I wrote a parallelized bash code to process files in these folders and a minimum working example is as follows:

#!/bin/bash
P=`pwd`
task(){
    dirname=$(basename $dir)
    echo $dirname running >> output.out
    if [[ $dirname != "backup"* ]]; then
        sed -i "s/$dirname running/$dirname is good/" $P/output.out
    else
        sed -i "s/$dirname running/$dirname ignored/" $P/output.out
    fi
}

for dir in */; do
    ((i=i%8)); ((i++==0)) && wait
    task "$dir" &
done
wait
echo all done

The "wait" at the end of the script is supposed to wait for all processes to finish before proceeding to echo "all done". The output.out file, after all processes are finished should show

1 is good
2 is good
3 is good
4 is good
backup_1 ignored
backup_2 ignored

I am able to get this output if I set the script to run in serial with ((i=i%1)); ((i++==0)) && wait.
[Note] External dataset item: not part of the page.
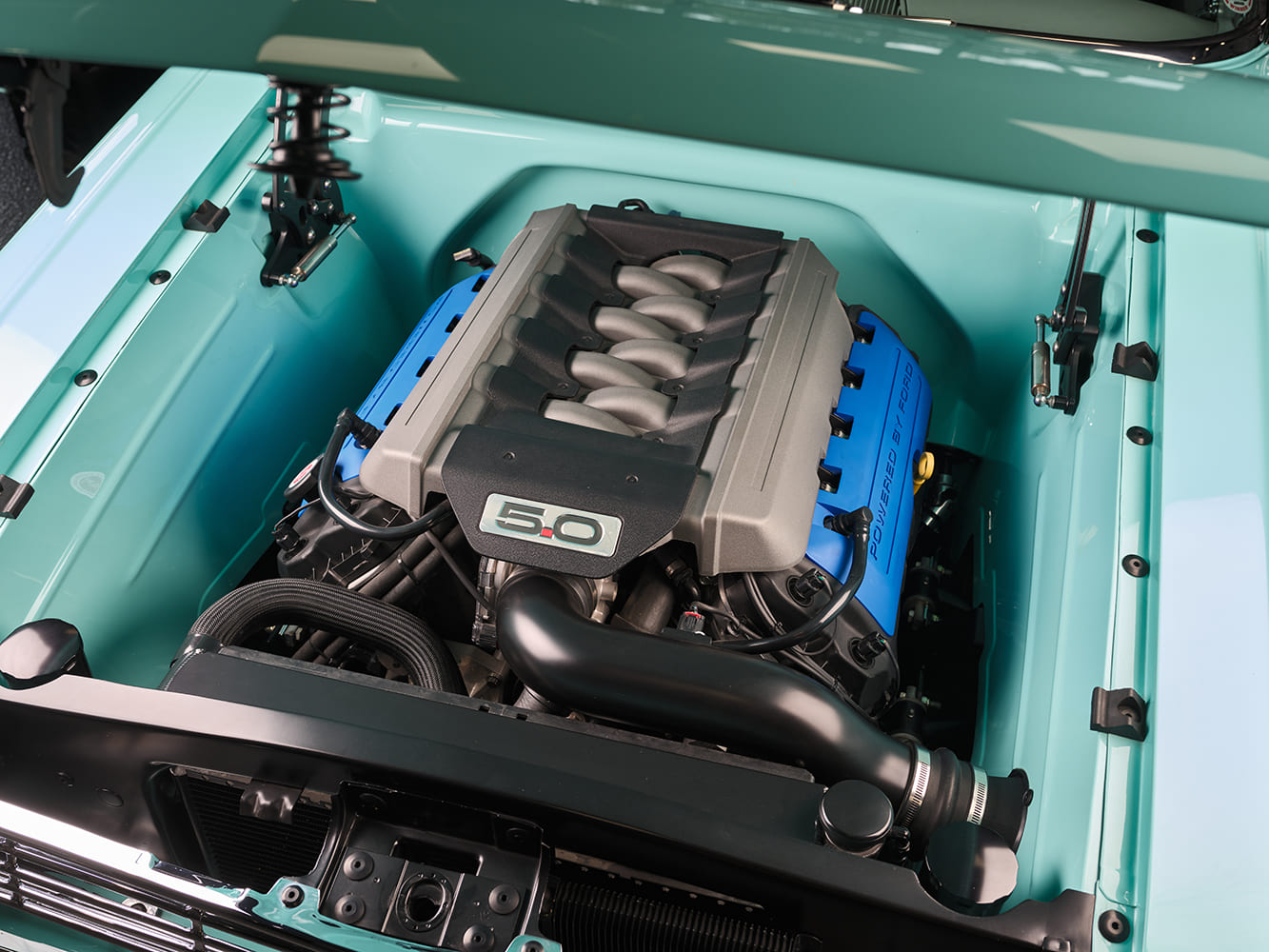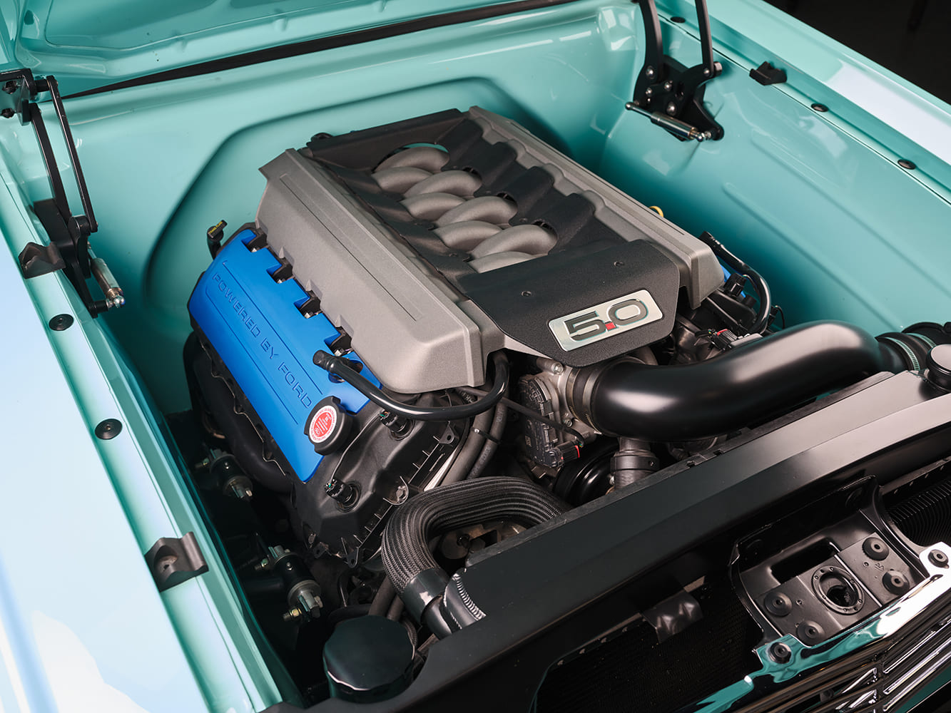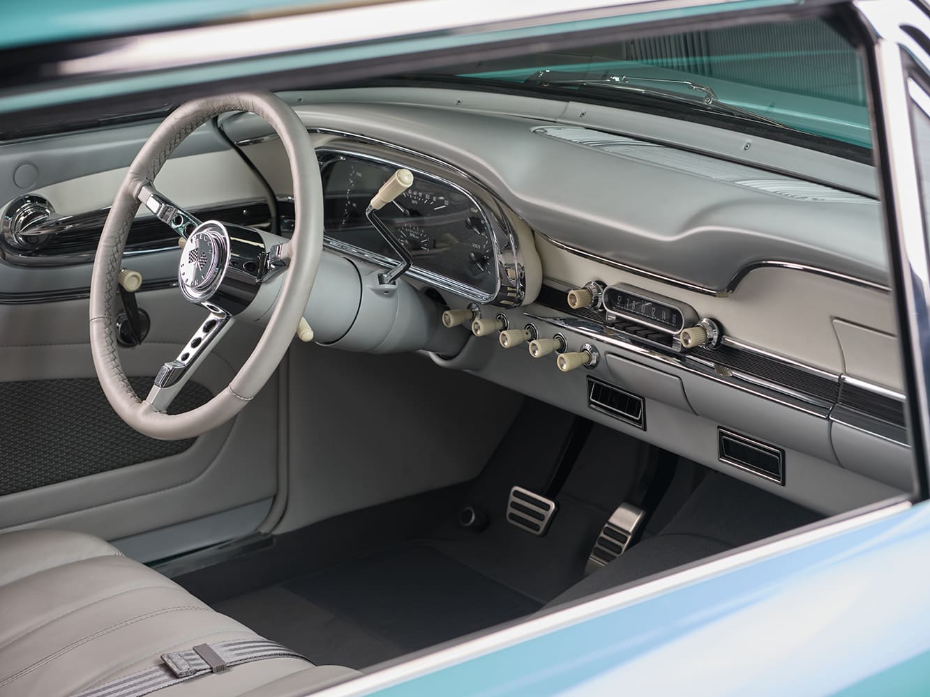 The 5.0L Ford Performance Coyote delivers 450 hp and features an aluminum block and heads, breathing through a custom intake system designed and fabricated by the CC team built on top of a factory EFI system utilizing MSD plug wires and an XS battery. To expel the spent gases, a set of Ultimate headers with 1-7/8-inch primary tubes is used, eventually connecting to a custom exhaust system made from stainless steel 2-1/2-inch pipes that lead to a pair of MagnaFlow mufflers. The entire exhaust system is largely CC’s handiwork. A Vintage Air Front Runner serpentine belt system manages the accessory drive for the A/C, water pump, power steering, and charging system. At the same time, the cooling combo is provided by C&R Radiator, including the radiator and a separate transmission cooler. Additional engine accessories include the SPAL electric fan, a Mechman alternator, and a factory starter. A Bowler Performance Transmissions–prepped 4R70W overdrive automatic with a 2,400-rpm stall speed converter transmits all this power to the rear, while an Ididit column-shift mounted lever handles the gear selection.

However, if I run it in parallel with ((i=i%2)); ((i++==0)) && wait, I get something like

2 is good
1 running
3 running
4 is good
backup_1 running
backup_2 ignored

Can anyone tell me why is wait not working in this case?

I also know that GNU parallel can do the same thing in parallelizing tasks. However, I don't know how to command parallel to run this task on all sub-directories in the parent directory. It'll be great is someone can produce a sample script that I can follow.

Many thanks Jacek


Solution

  • A literal porting to GNU Parallel looks like this:

    task(){
        dir="$1"
        P=`pwd`
        dirname=$(basename $dir)
        echo $dirname running >> output.out
        if [[ $dirname != "backup"* ]]; then
            sed -i "s/$dirname running/$dirname is good/" $P/output.out
        else
            sed -i "s/$dirname running/$dirname ignored/" $P/output.out
        fi
    }
    export -f task
    
    parallel -j8 task ::: */
    echo all done
    

    As others point out you have race conditions when you run sed on the same file in parallel.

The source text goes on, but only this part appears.